_TASK GOAL:_ From the first line of the material to the line containing "Caeba in the", inclusive, write out each line exactly, leaving out the pictures.

------ COLLECTED MATERIAL ------

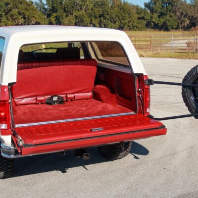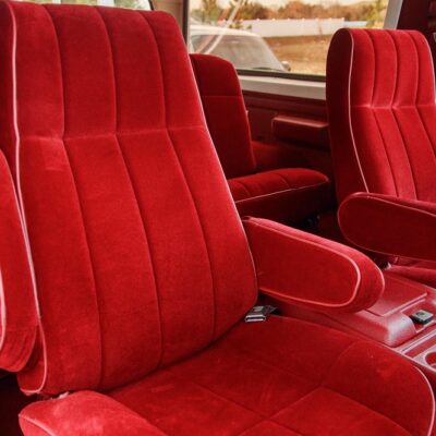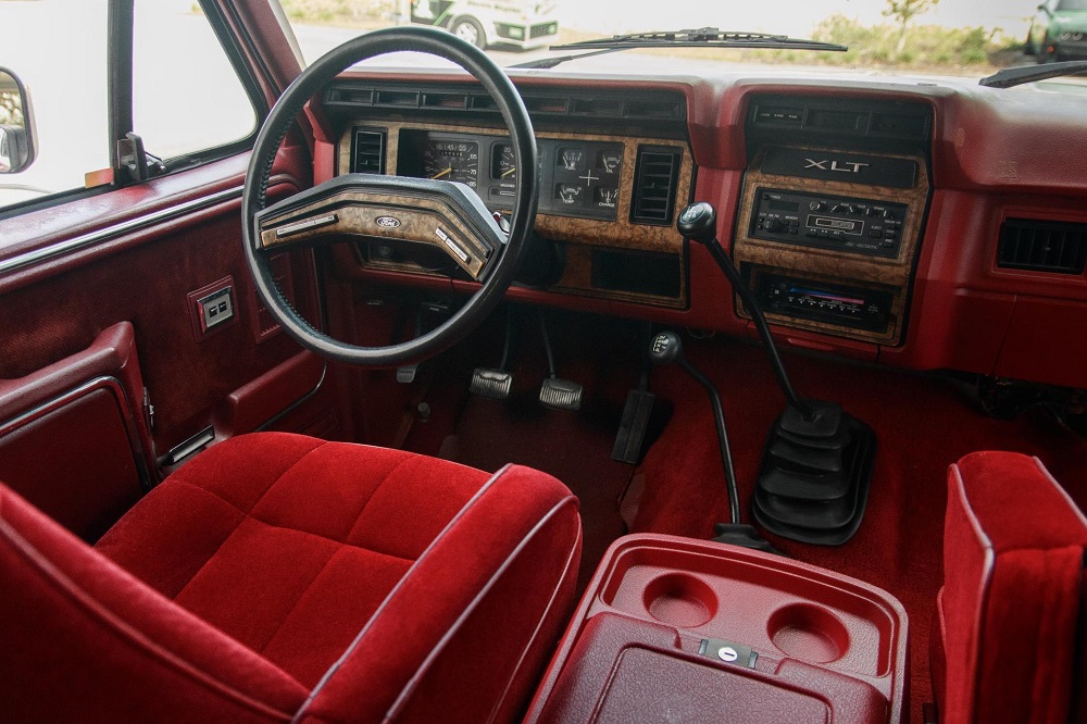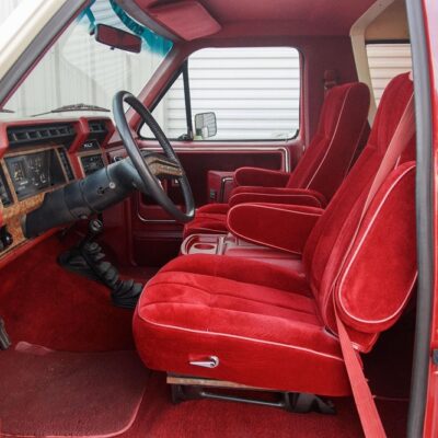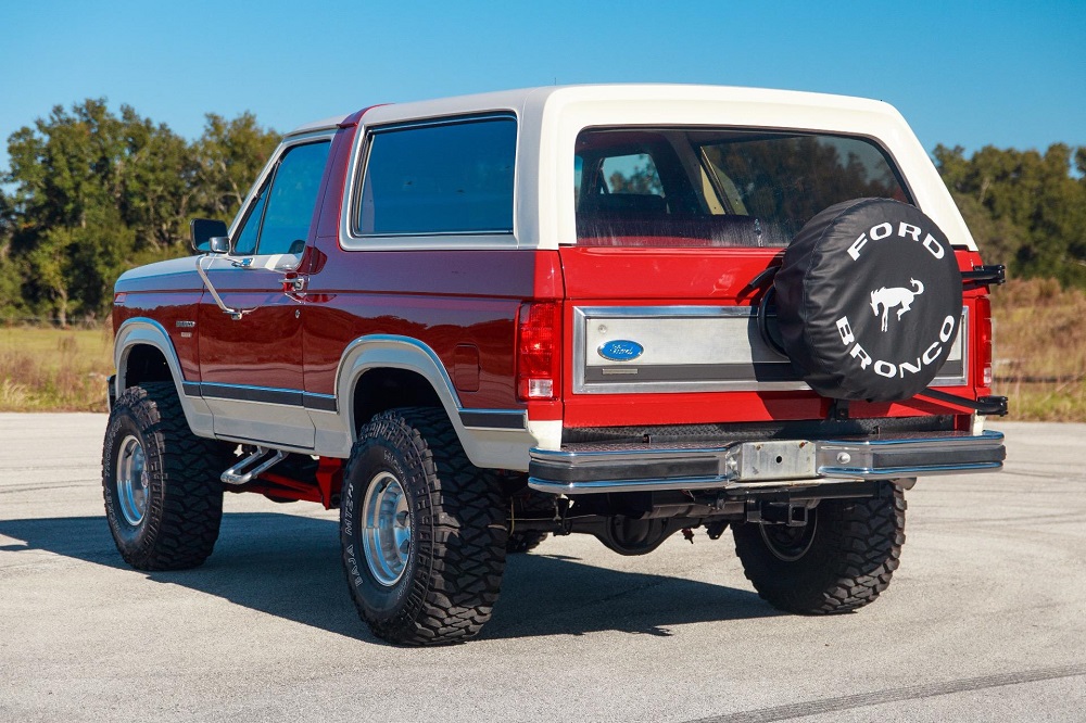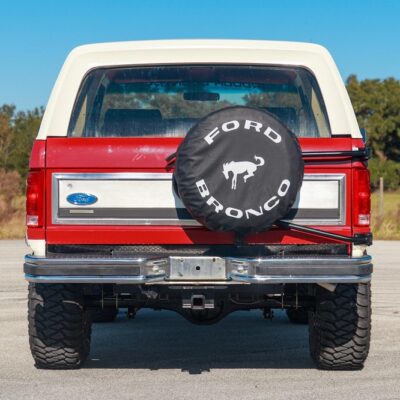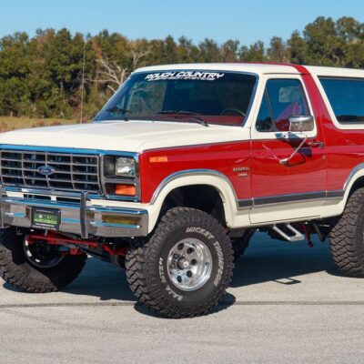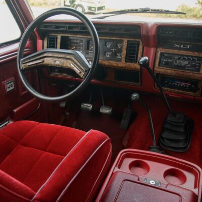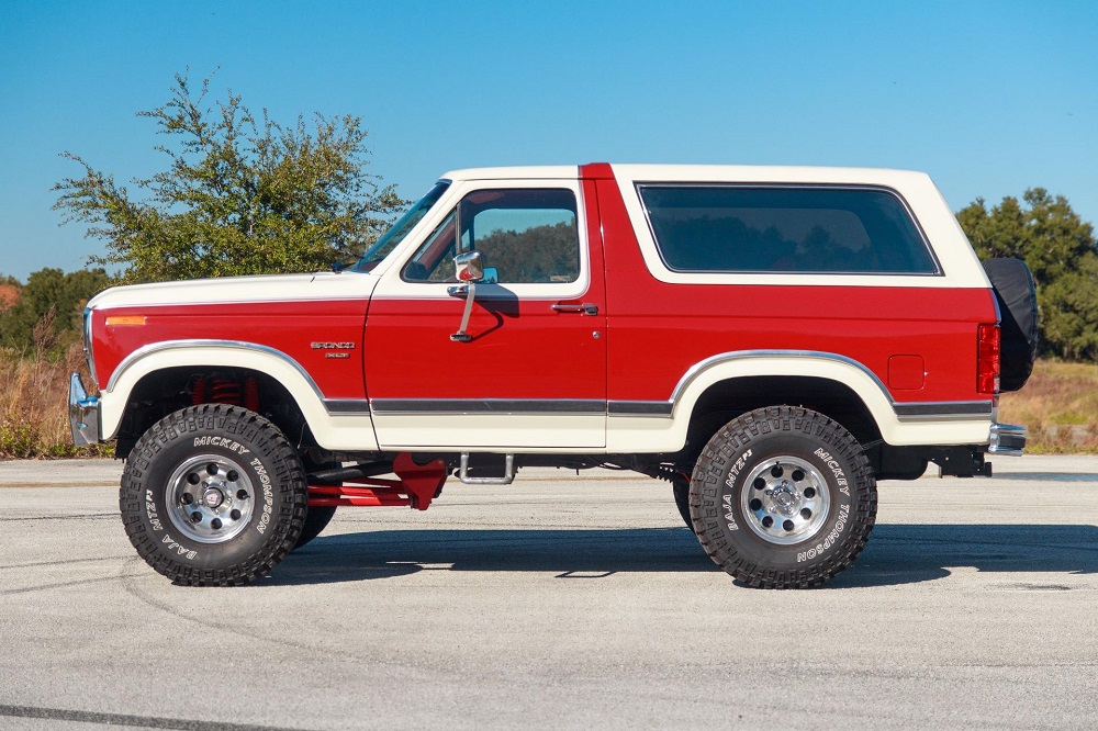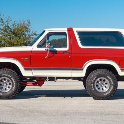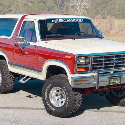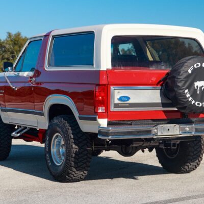 The 1986 Ford Bronco XLT you see here has had a frame off restoration. I love the two-tone white with red paint job and the red cloth interior. This thing looks like new inside.
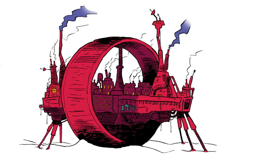 Caeba in the Maw is an adventure location presented in poster format. Your players can explore the trundle-town of Caeba, a roughneck scavenger suburb that roams the blue desert inside a great iron wheel. The PCs can also delve into the ossifying Corpse of the Grandfather – the carcass of a millennia-old sandworm, its four stomachs surely filled with secrets. Published as a double-sided A3 poster, in full colour on uncoated paper.
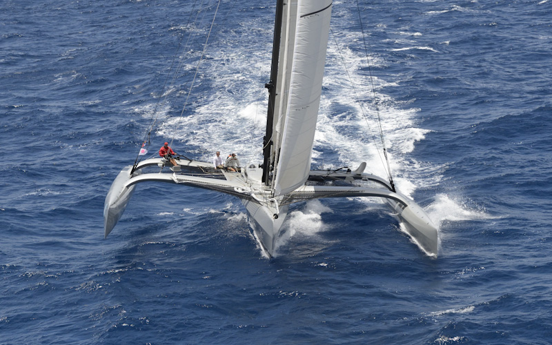 Squally conditions intensified the trade winds to churn up the swell into a foaming powerful sea state with rogue waves reaching over three metres. The feisty conditions off the coast of Antigua caused at least two retirements due to gear failure.
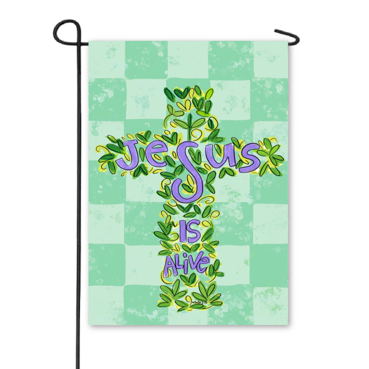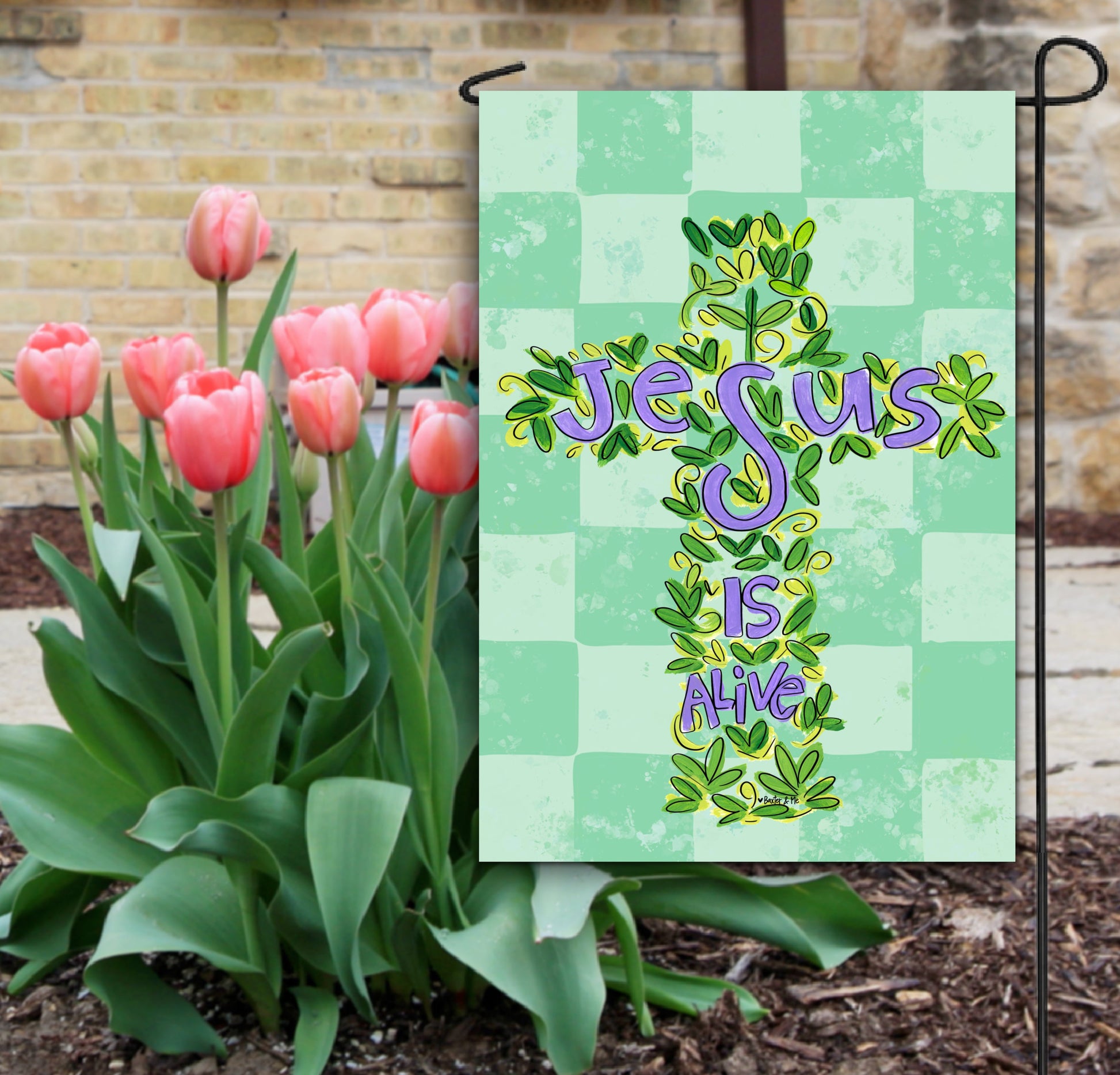 Our garden flags are of the highest quality - sewn in Mississippi and printed on both sides for equally beautiful prints from any angle. The water-resistant fabric allows the vibrant art to pop and resist fading throughout the season. Measures 18" x 12". Flag stand not included.

------

_RESPONSE TO THIS TASK:_
 The 1986 Ford Bronco XLT you see here has had a frame off restoration. I love the two-tone white with red paint job and the red cloth interior. This thing looks like new inside.
 Caeba in the Maw is an adventure location presented in poster format. Your players can explore the trundle-town of Caeba, a roughneck scavenger suburb that roams the blue desert inside a great iron wheel. The PCs can also delve into the ossifying Corpse of the Grandfather – the carcass of a millennia-old sandworm, its four stomachs surely filled with secrets. Published as a double-sided A3 poster, in full colour on uncoated paper.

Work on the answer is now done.